The data:
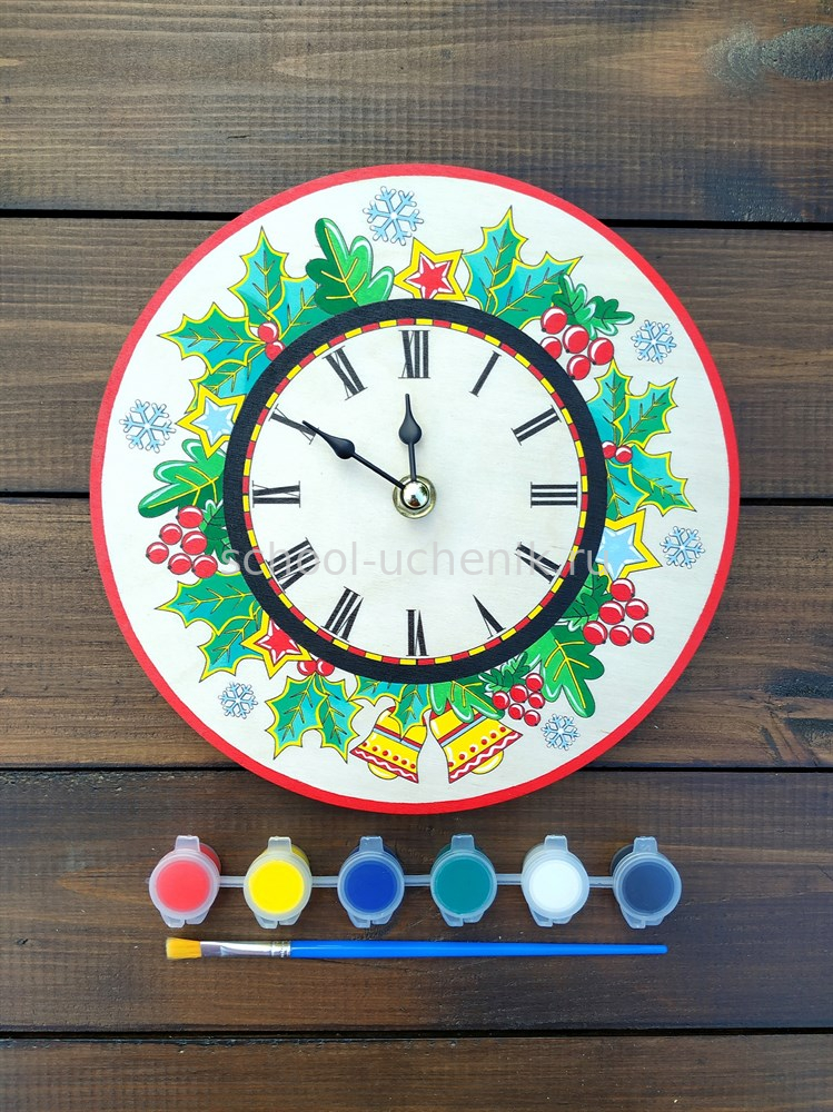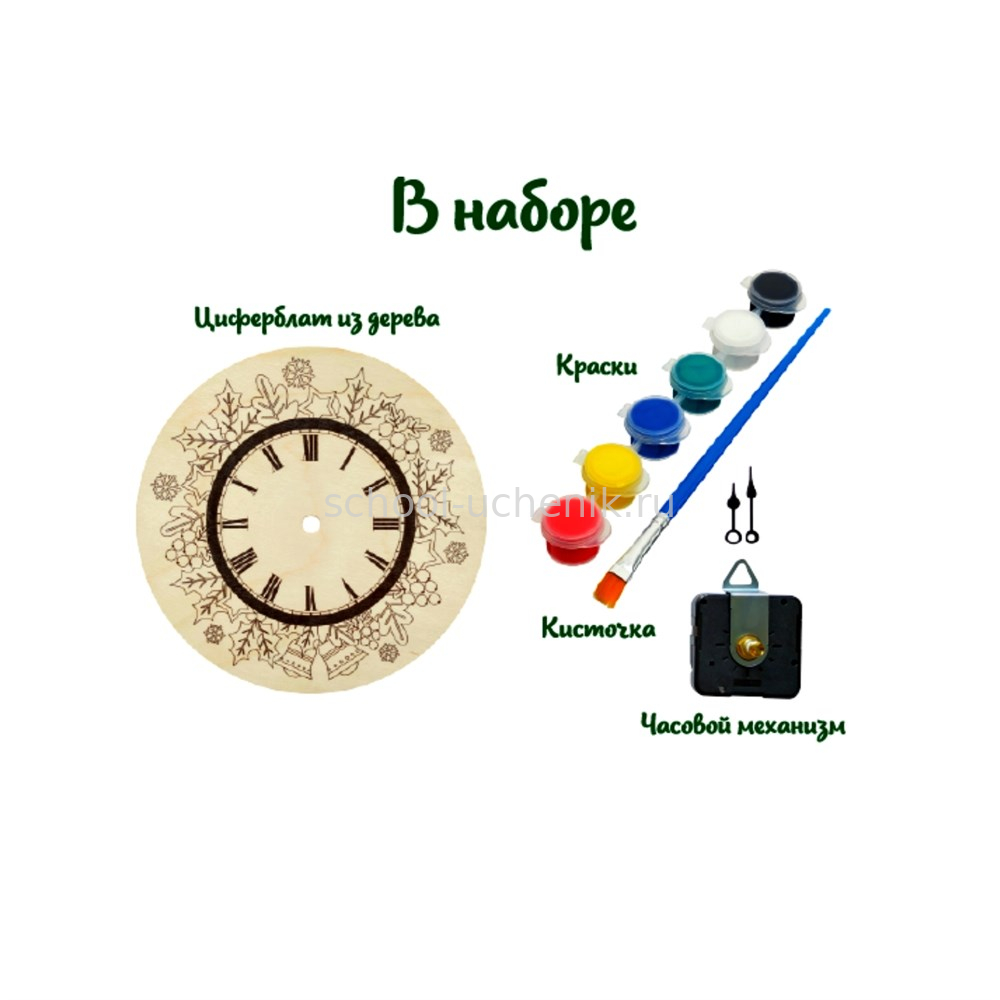 В наборе: деревянная заготовка под раскрашивание, часовой механизм, краски и кисточка
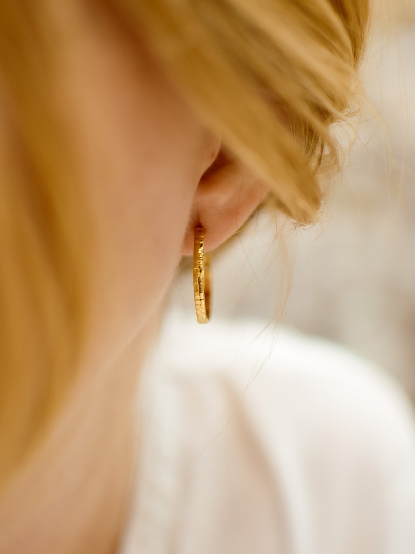 Ces créoles dorées ANEO sublimées par une surface mi-martelée mi-embossée sont faites en acier inoxydable pour une grande durabilité. Des essentiels à avoir dans votre collection!
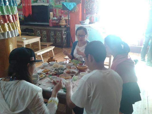暂别了颂赞林寺,徒步来到了藏民家做家访。牦牛酸奶,青稞饼,酥油茶,还有不知名的小吃。让身为吃货的我,此刻再也淡定不了了。美景美食,实乃人生两大乐事,享受当下,在此刻显得最为恰当与真诚。在门缝底下透出的一束光线,将细碎的灰尘照耀的无比亮人,空气凝结的那一刻,我们笑了,美如夏夜。古朴的藏家建筑风格,冲击着自己以往对万事万物的视觉体验,它像个无声的导游般诠释着最原始的一切。
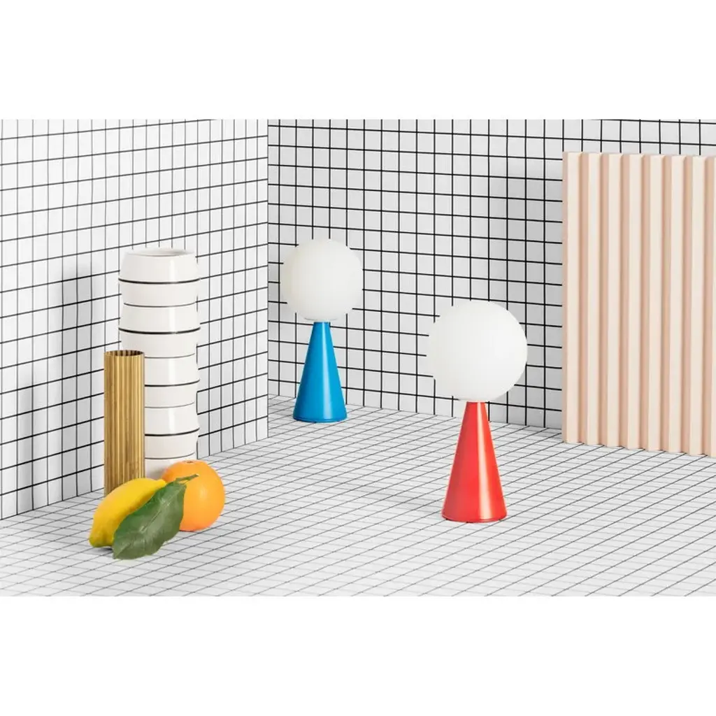 Bilia Mini table lamp, designed by Gio Ponti for FontanaArte, is an Italian design classic from 1932. Bilia Mini combines two essential geometric shapes, a sphere and a cone, in a skilful and balanced manner. The round, frosted glass shade is supported by an upward-tapering metallic base. Bilia Mini range consists of compact yet captivating table lamps in either metallic finishes or coated in colors.

What is needed: Lines from the one holding "Ces créoles dorées" to the end of the data, both ends included, are to be given again exactly; no pictures belong in the copy.

Worked solution:
 Ces créoles dorées ANEO sublimées par une surface mi-martelée mi-embossée sont faites en acier inoxydable pour une grande durabilité. Des essentiels à avoir dans votre collection!
暂别了颂赞林寺,徒步来到了藏民家做家访。牦牛酸奶,青稞饼,酥油茶,还有不知名的小吃。让身为吃货的我,此刻再也淡定不了了。美景美食,实乃人生两大乐事,享受当下,在此刻显得最为恰当与真诚。在门缝底下透出的一束光线,将细碎的灰尘照耀的无比亮人,空气凝结的那一刻,我们笑了,美如夏夜。古朴的藏家建筑风格,冲击着自己以往对万事万物的视觉体验,它像个无声的导游般诠释着最原始的一切。
 Bilia Mini table lamp, designed by Gio Ponti for FontanaArte, is an Italian design classic from 1932. Bilia Mini combines two essential geometric shapes, a sphere and a cone, in a skilful and balanced manner. The round, frosted glass shade is supported by an upward-tapering metallic base. Bilia Mini range consists of compact yet captivating table lamps in either metallic finishes or coated in colors.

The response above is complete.